When describing the pandemic for people living on the streets, Borne says there have been some “amazing and magical” moments, such as those when outreach workers and healthcare providers experience breakthroughs with residents who never before considered entering shelter or engaging with the system.

She says getting over half of people experiencing homelessness vaccinated wouldn’t have been possible without programs such as the shelter-in-place hotels, street clinics and peer ambassadors or the availability of showers and toilets.

“Some of the most reluctant, most traumatized, most disenfranchised people have come inside, felt love and stayed inside or stayed in a tent, and it worked.” she said. “The boundaries about how people live have been broken down and hopefully will never get placed back up.”

Borne isn’t pollyannish about the past two years. Nor is she satisfied with the conditions of the streets that people continue to call home or the speed at which residents are being helped from homelessness into housing.

Basic access to sanitation facilities such as toilets, showers and a place to wash hands or clothes remains limited. From a public health perspective, hygiene as a human right would be an easy way to make sure people can keep themselves and their communities clean and healthy.

There’s also the continued scarcity of resources that makes it challenging to scale up some of the lessons learned from San Francisco’s COVID-19 pandemic and vaccination efforts. Particularly, having to limit the flow of people into services has slowed the rate of progress that Borne believes to be possible.

Human suffering has reached extraordinary levels in the Tenderloin, for example, where open air drug use and severe mental illness, drug dealing and tent sites have become normal. Borne, who has spent much of her professional career working directly on the streets of this neighborhood, wants to see The City double down on investment in the kind of public health interventions that have helped save lives during the COVID-19 pandemic.

Last week, Mayor London Breed introduced an investment of a different kind. She declared a state of emergency in the Tenderloin and rolled out a controversial roster of proposed public safety policies including increasing overtime funding for police presence, ramping up enforcement of drug use, giving SFPD more freedom to use camera surveillance technology and excluding street vending in certain locations.

Many social services providers say these actions demonstrate a grave misunderstanding and misstep of how to treat, and ultimately prevent, substance use and homelessness.

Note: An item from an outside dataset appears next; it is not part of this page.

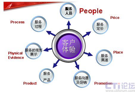 下面這張圖是服務營銷的7P模型,在這里我認為最應該關注的是People——人。這里,我想引用世界經(jīng)理人刊登的一篇文章“影響中國的十大管理理念”上的一段文字:“邁向服務型經(jīng)濟實際上就是邁向人才經(jīng)濟。在制造業(yè)中,價值是由機器創(chuàng)造的。在服務業(yè)中,價值則是人創(chuàng)造的!边@也是在服務業(yè)中,要將“人”進行體現(xiàn)。也許你不在乎為你制造產(chǎn)品的工人長的美或丑,但為客戶服務的人員如果長的很丑,對服務就會有一定的影響。大家只看產(chǎn)品結果,不關注過程,但是服務卻是與過程緊密的結合。

Borne didn’t comment on the plan directly, but the vision she paints for a more public health-oriented future doesn’t include increased law enforcement presence, encampment sweeps or surveillance.

“We should be taking what’s worked and having everyone thinking about our public health, not trying to get people experiencing homelessness off the streets or policing them,” Borne said. “But how do we look at these human beings to help them because they are that – human beings.”